## ABOUT THIS TASK:
Print, word for word, only the lines from the one with "以往研究显示动脉瘤栓塞密度和" down to the last line of the listing below; no pictures.

## RECORDED INFORMATION:
================
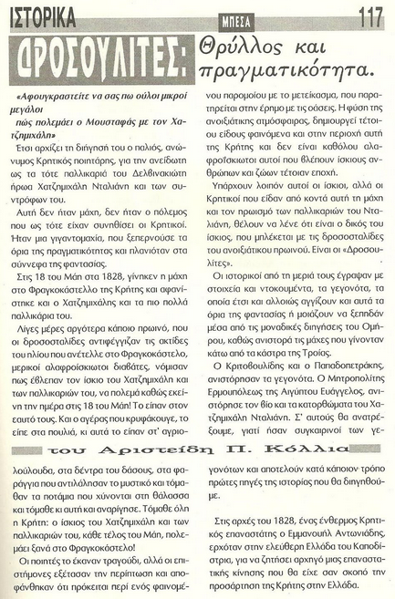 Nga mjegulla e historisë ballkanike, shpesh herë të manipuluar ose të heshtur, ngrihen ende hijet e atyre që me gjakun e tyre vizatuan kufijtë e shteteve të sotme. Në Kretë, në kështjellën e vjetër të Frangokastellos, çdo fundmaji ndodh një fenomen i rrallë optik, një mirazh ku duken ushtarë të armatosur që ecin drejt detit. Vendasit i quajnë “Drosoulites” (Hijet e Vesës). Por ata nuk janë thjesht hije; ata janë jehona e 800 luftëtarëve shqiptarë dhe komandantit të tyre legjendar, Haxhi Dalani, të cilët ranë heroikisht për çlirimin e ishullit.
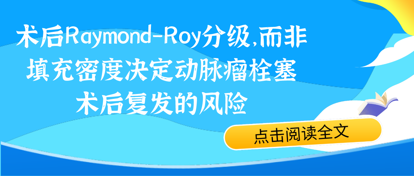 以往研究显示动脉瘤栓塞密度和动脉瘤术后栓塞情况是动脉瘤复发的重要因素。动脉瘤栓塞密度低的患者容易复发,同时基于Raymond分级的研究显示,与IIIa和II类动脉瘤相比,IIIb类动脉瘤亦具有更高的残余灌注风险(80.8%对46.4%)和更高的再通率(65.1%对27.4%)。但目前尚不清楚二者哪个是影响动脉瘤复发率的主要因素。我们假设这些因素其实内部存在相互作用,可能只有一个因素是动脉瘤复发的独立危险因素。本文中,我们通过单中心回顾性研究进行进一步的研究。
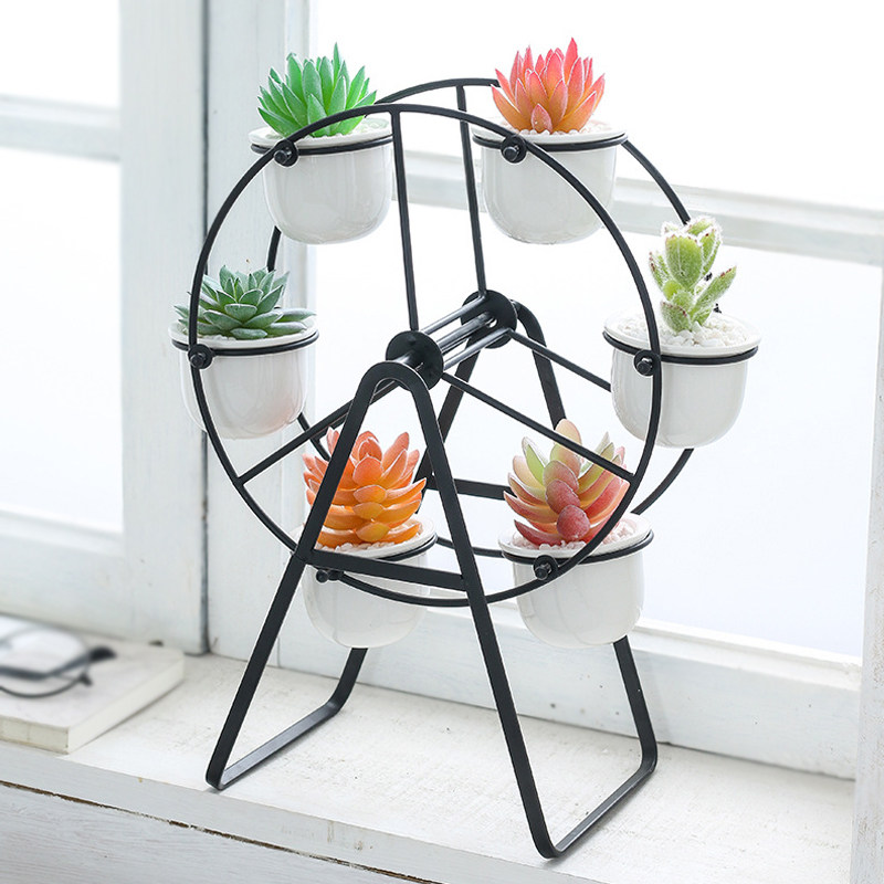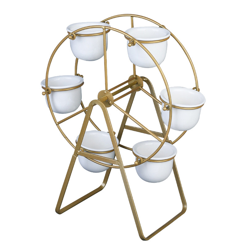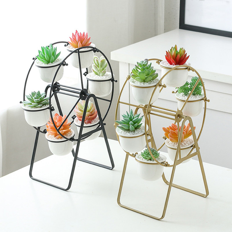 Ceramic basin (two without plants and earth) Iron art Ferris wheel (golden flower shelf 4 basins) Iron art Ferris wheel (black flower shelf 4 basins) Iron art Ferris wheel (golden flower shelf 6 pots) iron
================
## RESULT FOR THIS TASK:
 以往研究显示动脉瘤栓塞密度和动脉瘤术后栓塞情况是动脉瘤复发的重要因素。动脉瘤栓塞密度低的患者容易复发,同时基于Raymond分级的研究显示,与IIIa和II类动脉瘤相比,IIIb类动脉瘤亦具有更高的残余灌注风险(80.8%对46.4%)和更高的再通率(65.1%对27.4%)。但目前尚不清楚二者哪个是影响动脉瘤复发率的主要因素。我们假设这些因素其实内部存在相互作用,可能只有一个因素是动脉瘤复发的独立危险因素。本文中,我们通过单中心回顾性研究进行进一步的研究。
 Ceramic basin (two without plants and earth) Iron art Ferris wheel (golden flower shelf 4 basins) Iron art Ferris wheel (black flower shelf 4 basins) Iron art Ferris wheel (golden flower shelf 6 pots) iron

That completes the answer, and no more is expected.